## DATASET ENTRIES
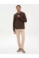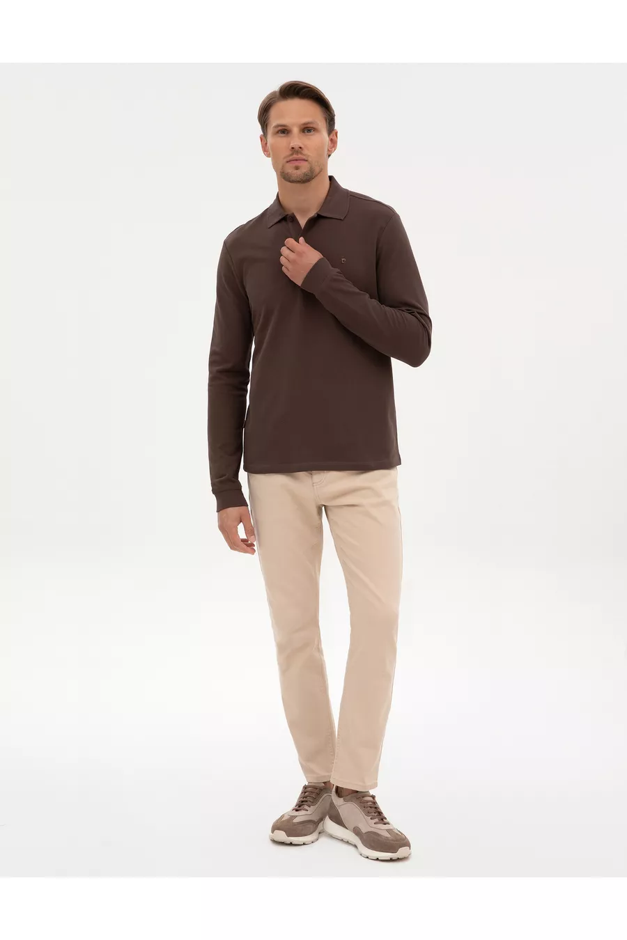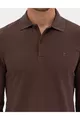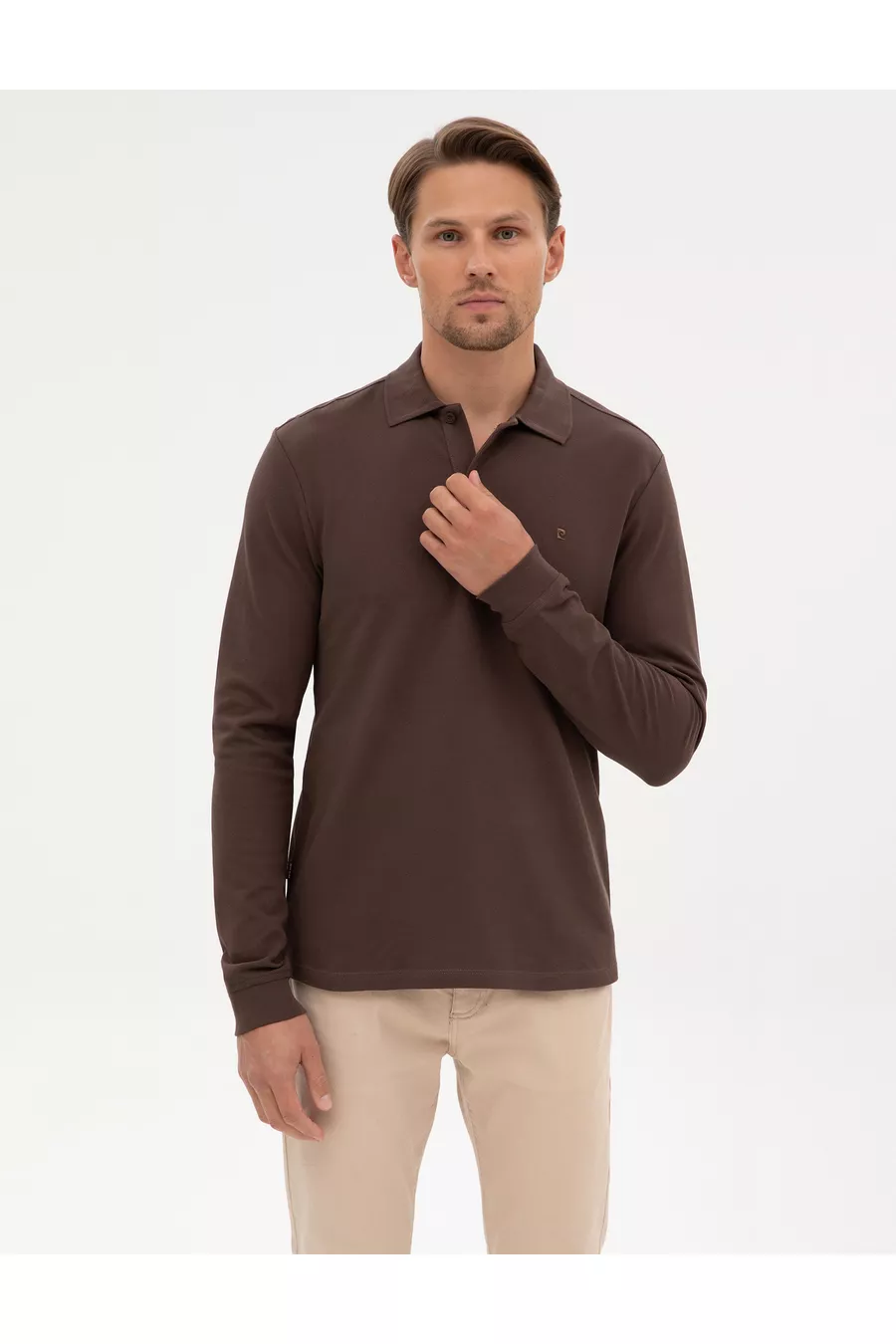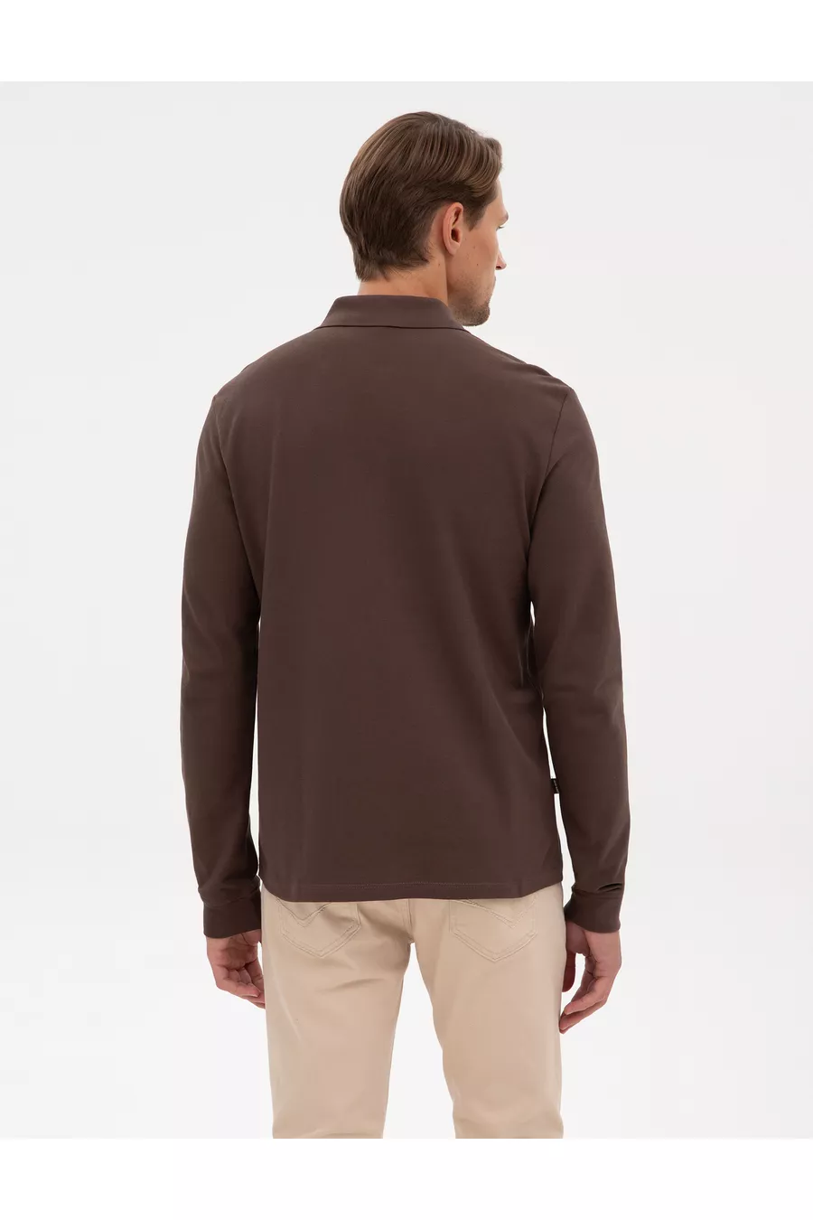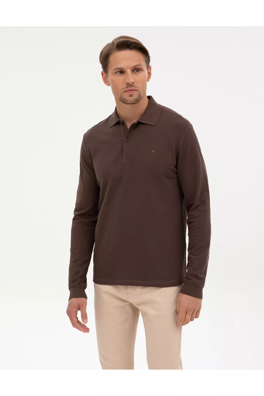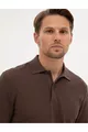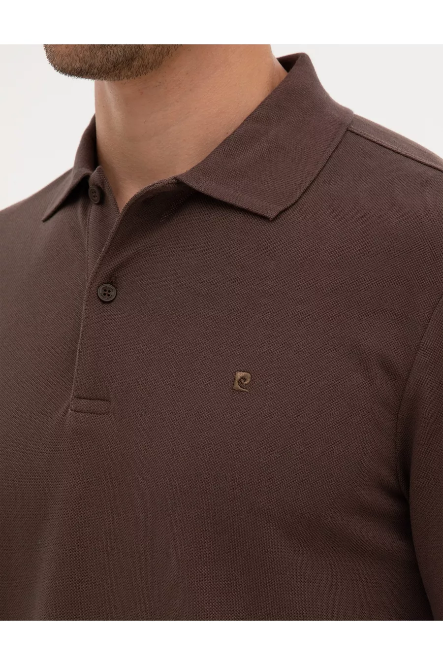 Dark Brown Slim Fit Non-Crease Polo Collar Basic Pique Sweatshirt
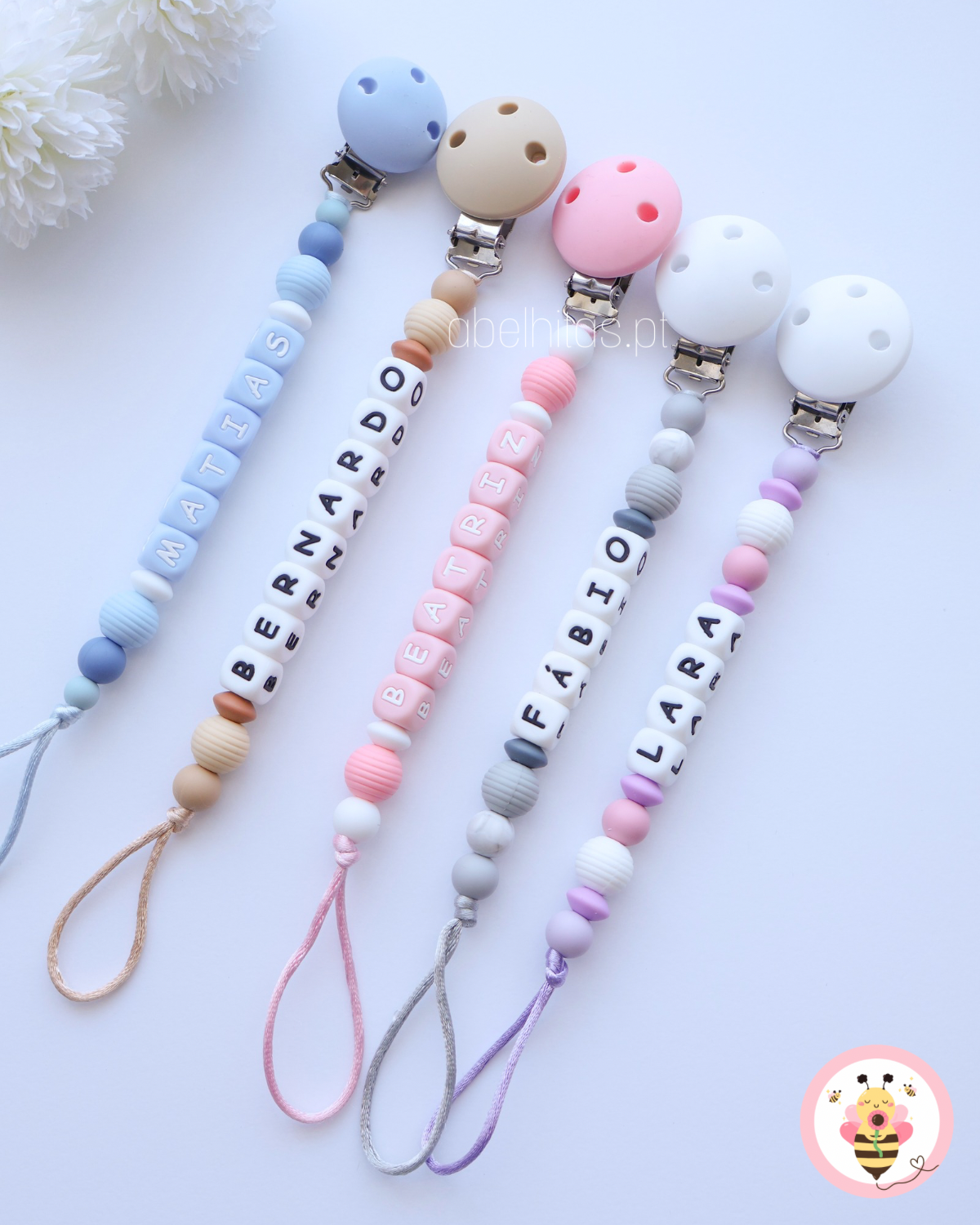 Macio e flexível. Ideal para identificar e manter a chupeta limpa e segura.
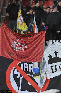 На флагах фанов московских армейцев можно видеть логотип Totenkopf( Танковая диви́зия СС «Мёртвая голова́»)
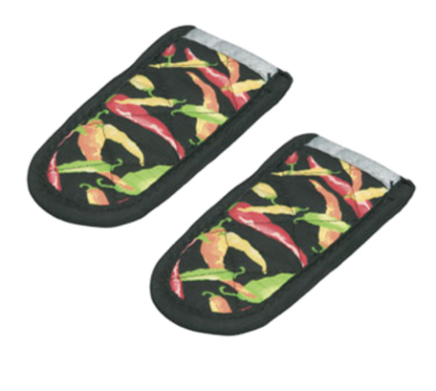 Hot Handle Holder Set, 8-1/16" x 3-1/4" x 1-1/16", heat protection up to 350°F, cloth, multi-color chili pepper, Made in USA (2 each per set) (fits most Lodge cookware)
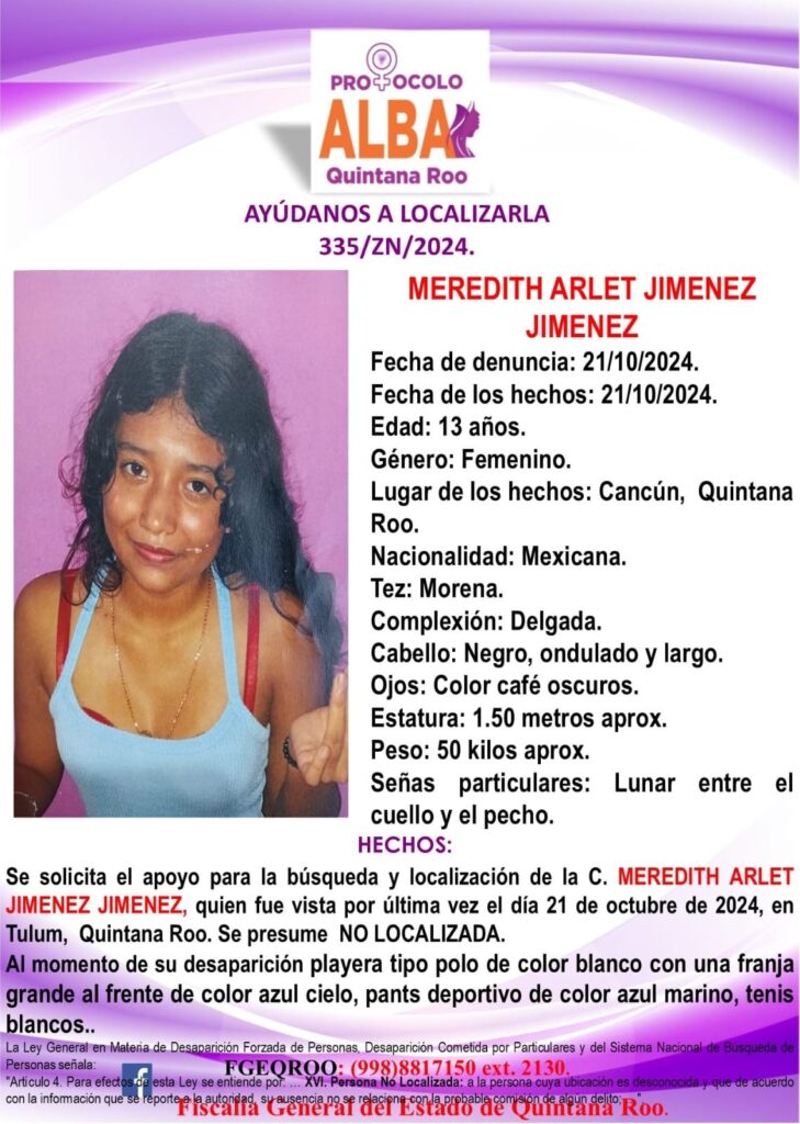 Ficha de desaparición de Meredith Arlet Jiménez Jiménez

## WHAT YOU ARE ASKED TO DO
In the records above, find the line containing "Hot Handle Holder" and restate it and every line after it word for word, all pictures excluded.

## ANSWER TO THIS EXERCISE
 Hot Handle Holder Set, 8-1/16" x 3-1/4" x 1-1/16", heat protection up to 350°F, cloth, multi-color chili pepper, Made in USA (2 each per set) (fits most Lodge cookware)
 Ficha de desaparición de Meredith Arlet Jiménez Jiménez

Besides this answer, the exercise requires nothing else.